# This and That...A few new birds...



## Glenn Bartley (Nov 3, 2016)

I'm getting caught up on post processing. Thought I'd share a few from various parts of South America.






Curl-crested Aracari, Brazil





Ruddy-capped Nightengale Thrush, Costa Rica





Yucatan Jay, Mexico





Hoatzin, Peru





Blond-crested Woodpecker, Brazil





Resplendent Quetzal, Costa Rica


----------



## Click (Nov 3, 2016)

Beautiful pictures, Glenn. 8)


----------



## GN Photos (Nov 3, 2016)

Amazing creatures, absolutely beautiful photos.


----------



## Stu_bert (Nov 3, 2016)

Stunning as always, thank you for sharing...


----------



## Jack Douglas (Nov 3, 2016)

As always, wonderful. What camera/s lens/es?

Jack


----------



## digigal (Nov 4, 2016)

Wow--those are beauties! Love the woodpecker.
Catherine


----------



## Valvebounce (Nov 4, 2016)

Hi Glenn. 
Excellent shots of some truly beautiful subjects. 
+1 on knowing the gear used for the shots, also the settings if possible please. 

Cheers, Graham.


----------



## Jack Douglas (Nov 5, 2016)

Well, Glen. I'd say it's time for some more! 

Jack


----------



## AlanF (Nov 5, 2016)

Valvebounce said:


> Hi Glenn.
> Excellent shots of some truly beautiful subjects.
> +1 on knowing the gear used for the shots, also the settings if possible please.
> 
> Cheers, Graham.



You have to pay for being told the settings. He sells them in eBooks, which he advertises under his signature. To be fair, he leaves the EXIF data on his images, which is good. Those images were taken with a 600mm f/4II and a 7DII. He's a pro, and those images are good.


----------



## Valvebounce (Nov 5, 2016)

Hi Alan. 
I have Glenn's trilogy of books (PP flash and Video Simplified) plus the 7DII setup guide that he does.

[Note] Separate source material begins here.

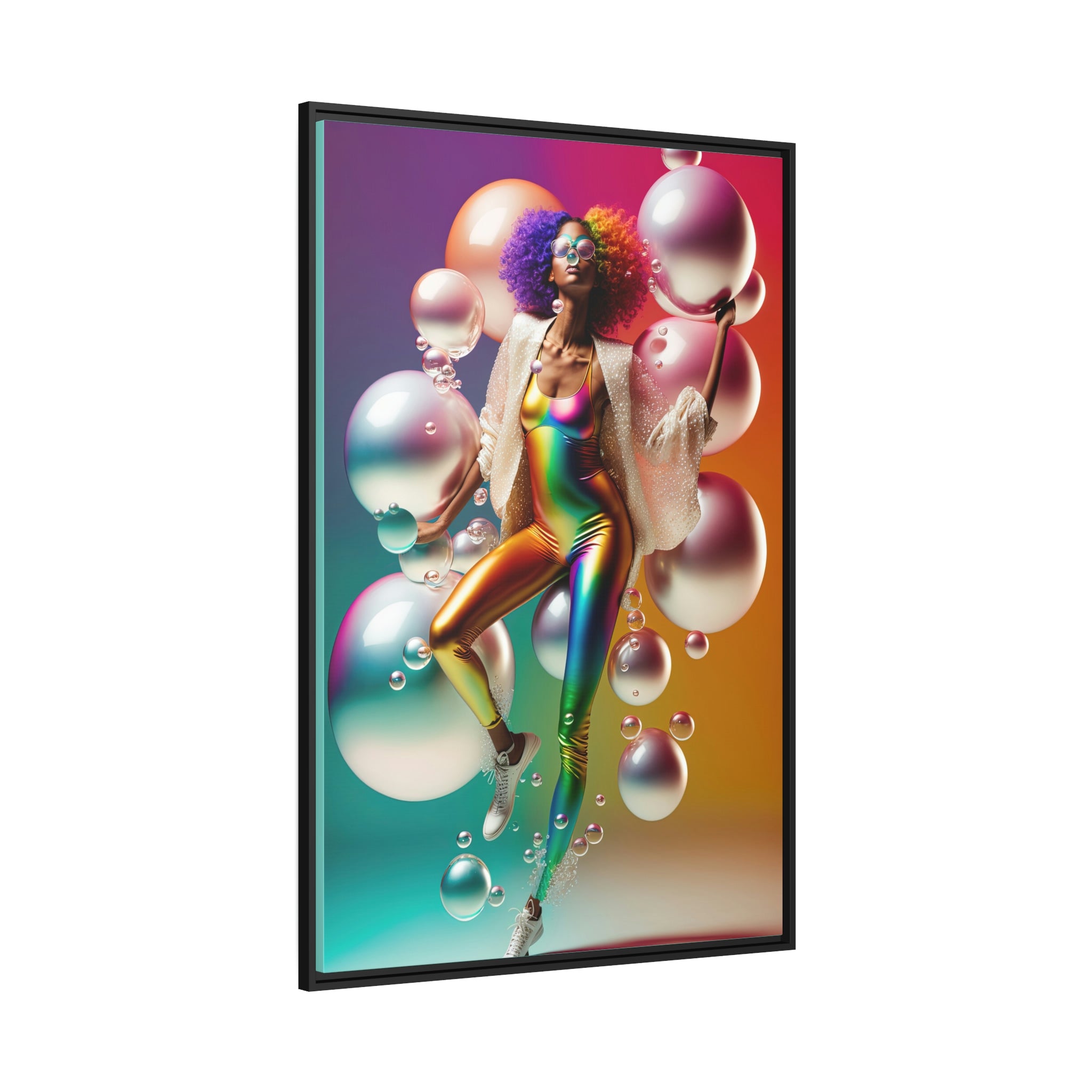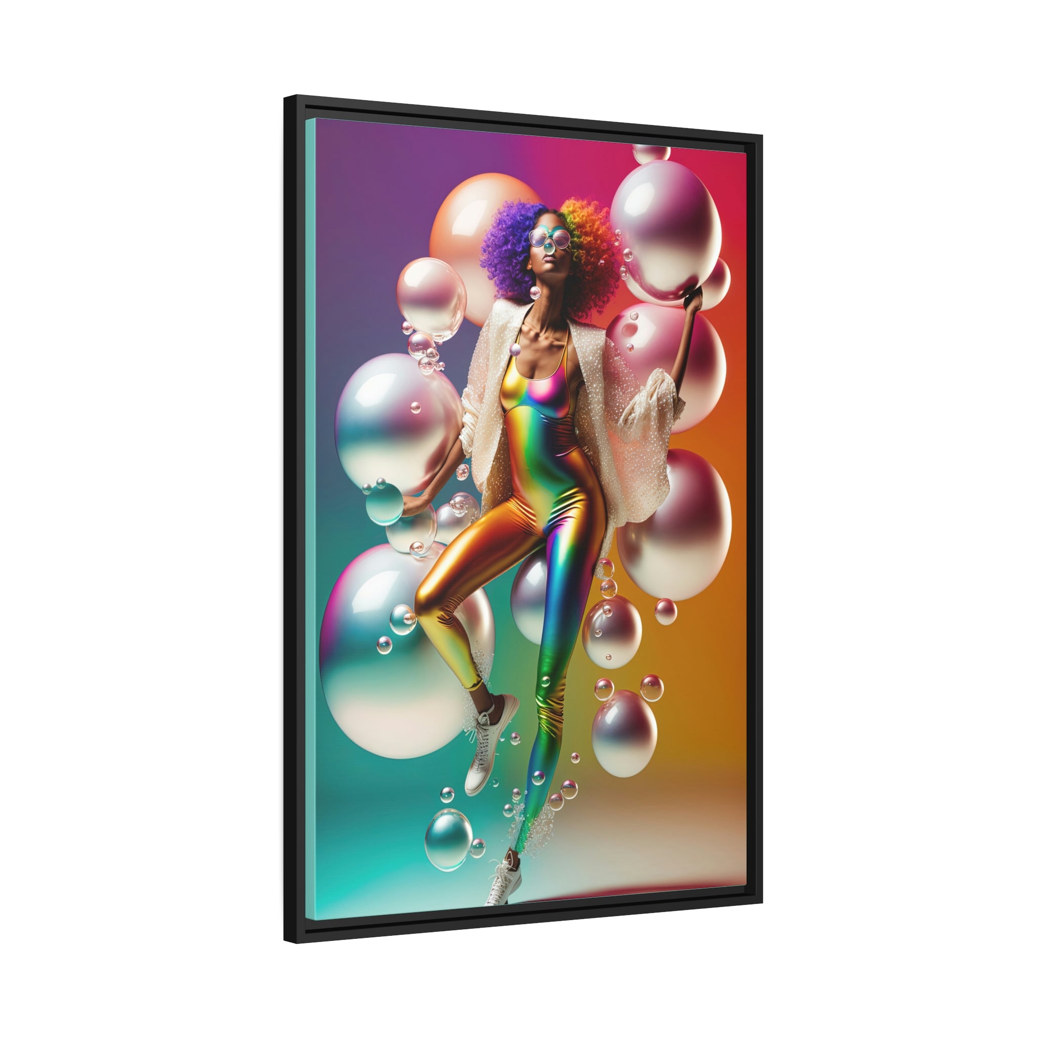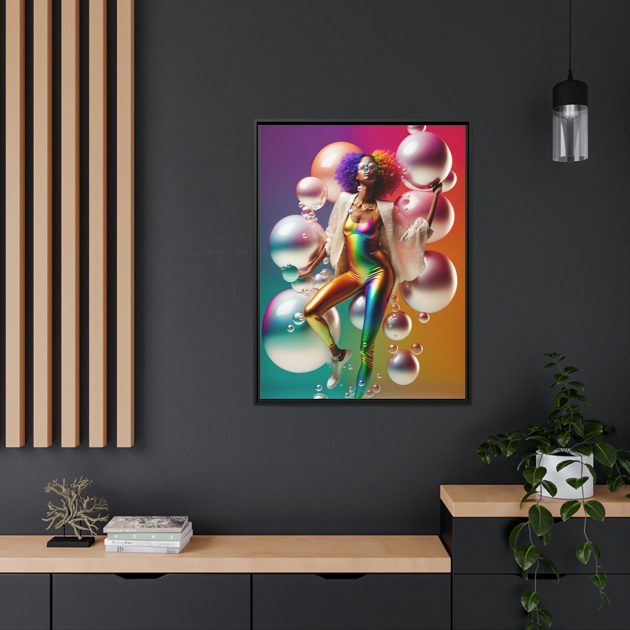 "That 70s Babe" is a funky and groovy piece of canvas art that captures the essence of the 1970s. The subject, a confident and stylish woman, is captured in an action pose wearing chromatic colored leggings and a bold jacket. The vibrant bubbles surrounding her add an extra pop of color, creating a truly unique and captivating visual. This piece is the perfect addition to any retro-inspired home, adding a touch of nostalgia and fun to any room. Whether you're looking to bring a touch of the 70s to your living room or add a funky accent to your bedroom, "That 70s Babe" is the perfect choice. Let this piece bring its retro vibe to your space today!
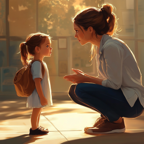emotional realistic illustration, close up of a mother and 3 year old girl in front of the kindergarten, mom is crouching at her level and talking to her daughter, the girl is a bit upset and thoughtful, backlight

All good informative reading. 
I never really gave it a thought about not wanting to share the settings. I'm reading this on a tablet and the only access to the exif is via Jeffrey's exif viewer and that doesn't work for more than one image on any URL. I guess I can open on a pic and right click! 

Cheers, Graham. 



AlanF said:


> Valvebounce said:
> 
> 
> > Hi Glenn.
> ...


----------